You end up getting really good at Blazes quirks but they never seem to vanish. Even with Flow Router and template variables it’s tough to keep things straight. Templates don’t compose well so having a 150 line template is not uncommon.

It’s also hard to tell if removing a thing will break another thing in a very certain context… until user’s email you about it.

After watching Pete Hunt use React in a Meteor app I couldn’t fathom why anyone would want to use all of that gobbly gook in their app. Blaze was clean! (well I thought then at least, the HTML was clean but not its JS).

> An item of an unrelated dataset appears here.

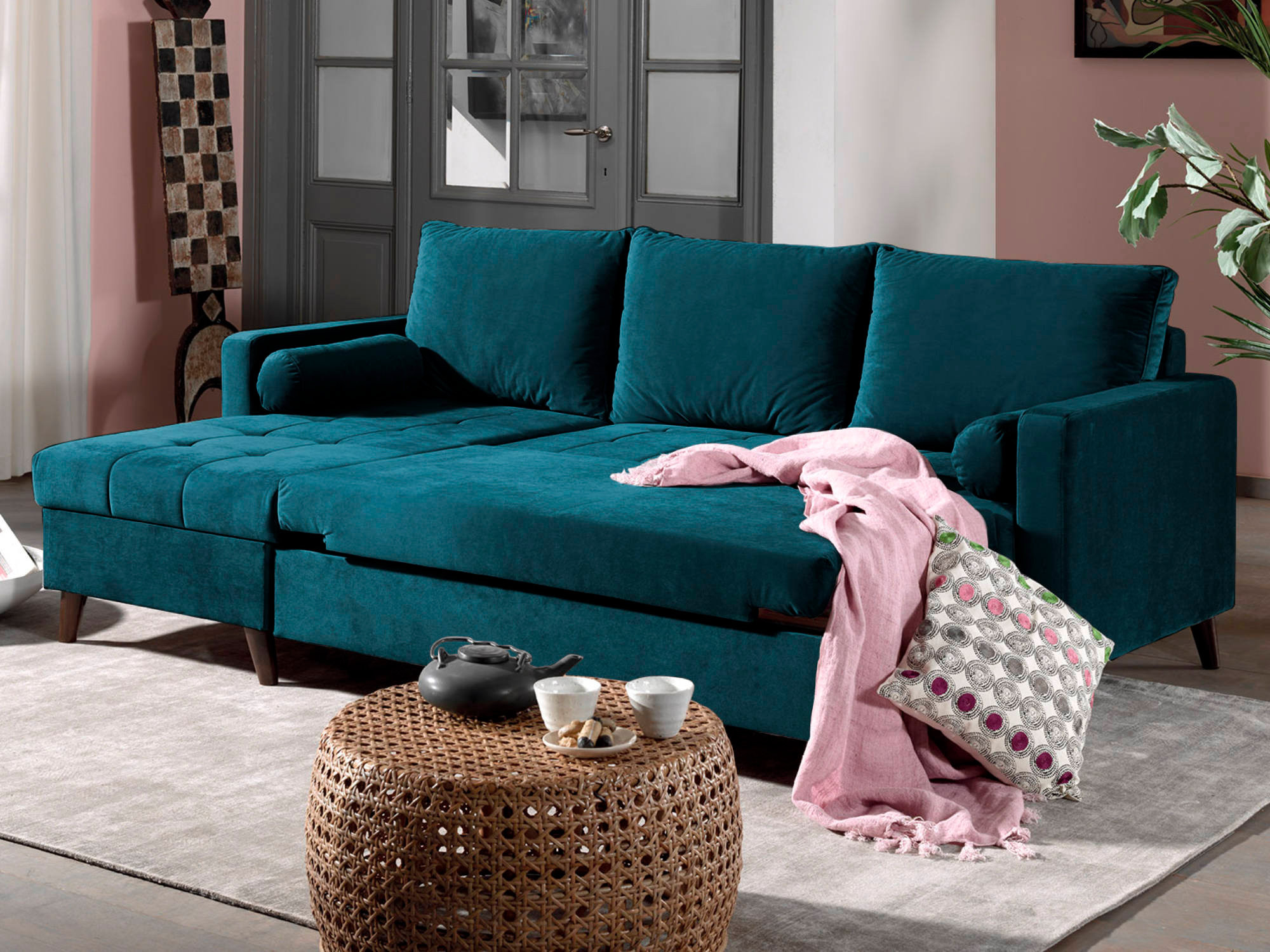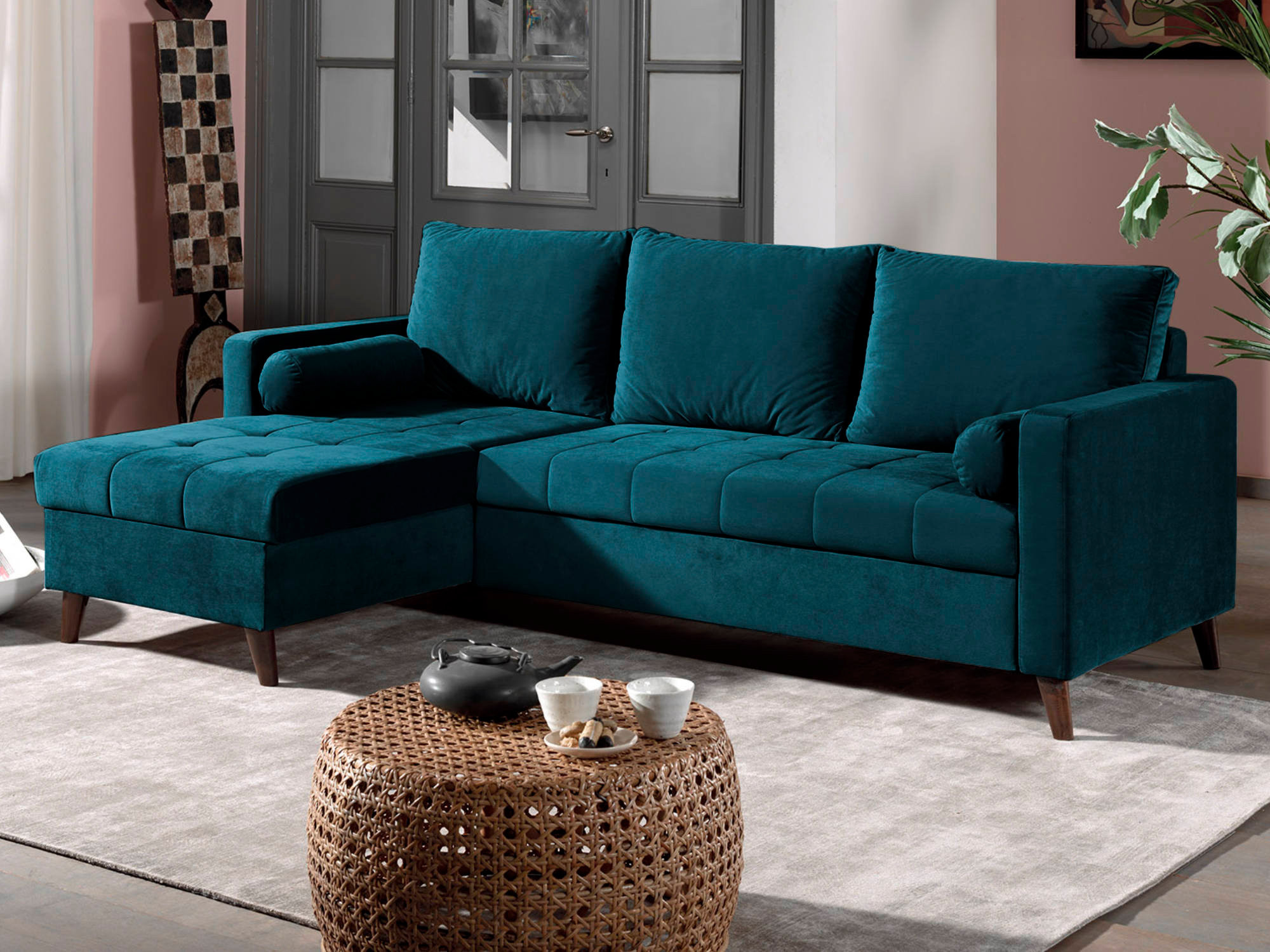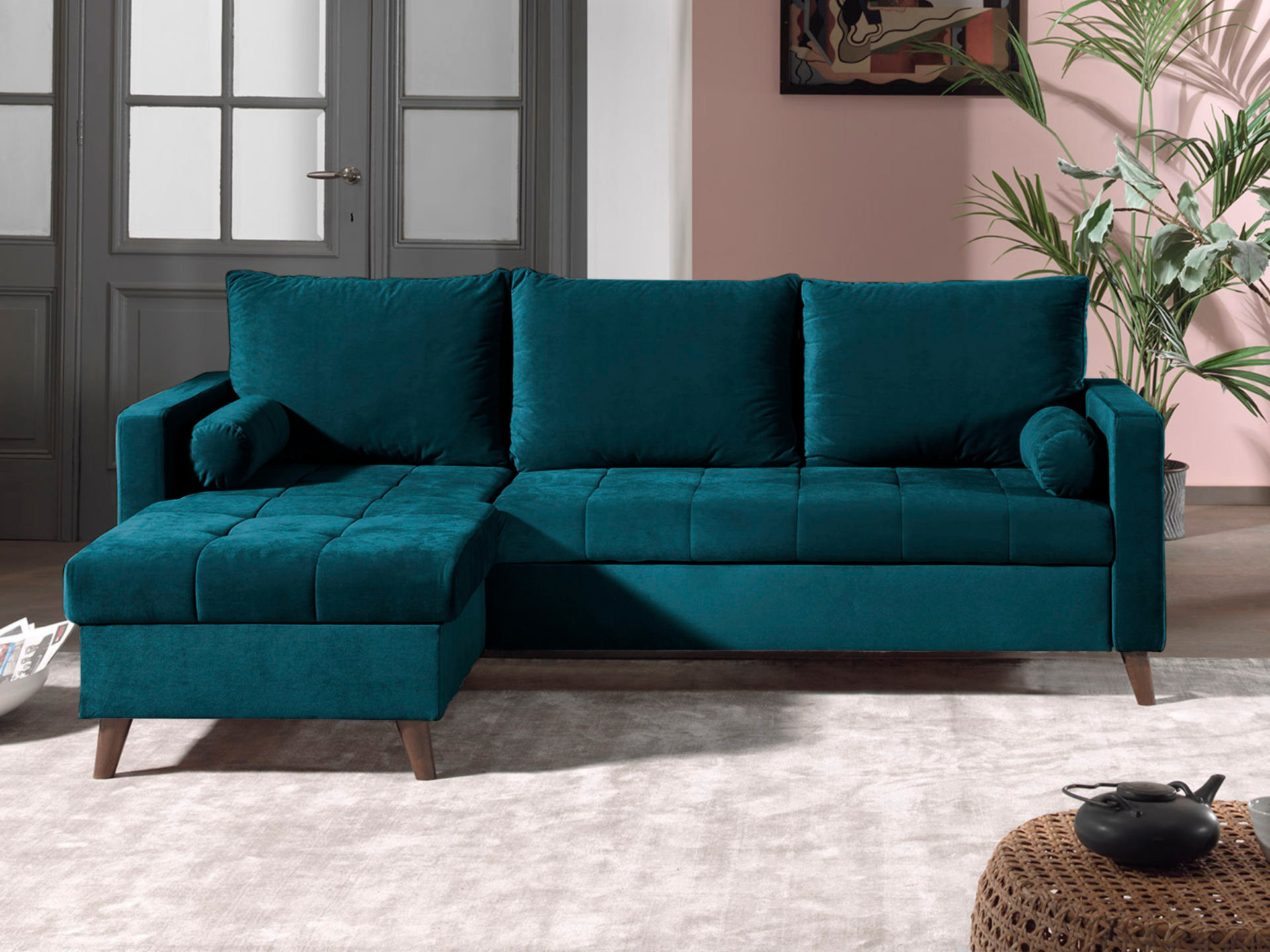 Très pratique si vous aimez changer régulièrement la disposition de votre salon, le canapé d’angle réversible convertible en velours Polar s’adapte à votre intérieur. En quelques minutes, vous démontez les accoudoirs et changez l’orientation de la méridienne : à gauche ou à droite. C’est simple, pratique et vous avez le choix.

Then I had to build a mobile app. React Native just came out so I subscribed to Egghead and in a weekend built my first RN iOS app! Compared to Objective-C the View and Text tags were much easier than Cocoa.

Then after some hacking (before the MDG magic sauce!) I dropped React into a fresh Meteor app and got started with a todo app right away. There was very little change from ReactNative except for using div instead of View. Tinkering with this taught me enough to keep my ears open when problems came down the road.

Later when having more issues with a Blaze app, I added React and changed a very small section while leaving the rest. I noticed that very little of the React code was buggy and gradually more and more got replaced (as features got added/updated/debugged).

In retrospect, the main benefit is a strict flow of data, declarative data, and a cohesive bond between templates and template logic. You could build a ‘widget’ without any context of the outside world which meant you could keep the entire flow of the widget in your head at once. Not easy with Blaze.

Takeaways… if you enjoy Blaze, great! Use it and build something cool. If you have spare time and would enjoy it, learn React (or Angular but that takes more time) so that you know what tools you can bring out in the future.


###Flux I started building a React Native app and was *very confused* with flux. I just ignored it and got to work using good 'old `this.setState`. It served me well for quite a while. Then it started getting confusing when editing/bugfixing. Then I recalled flux helped with this and only then dove into it. This time things made sense as I had more context. I *gradually* folded it into the app with new features and when I was debugging/changing old modules. I didn't have the time or $$ to stop building to swap it out.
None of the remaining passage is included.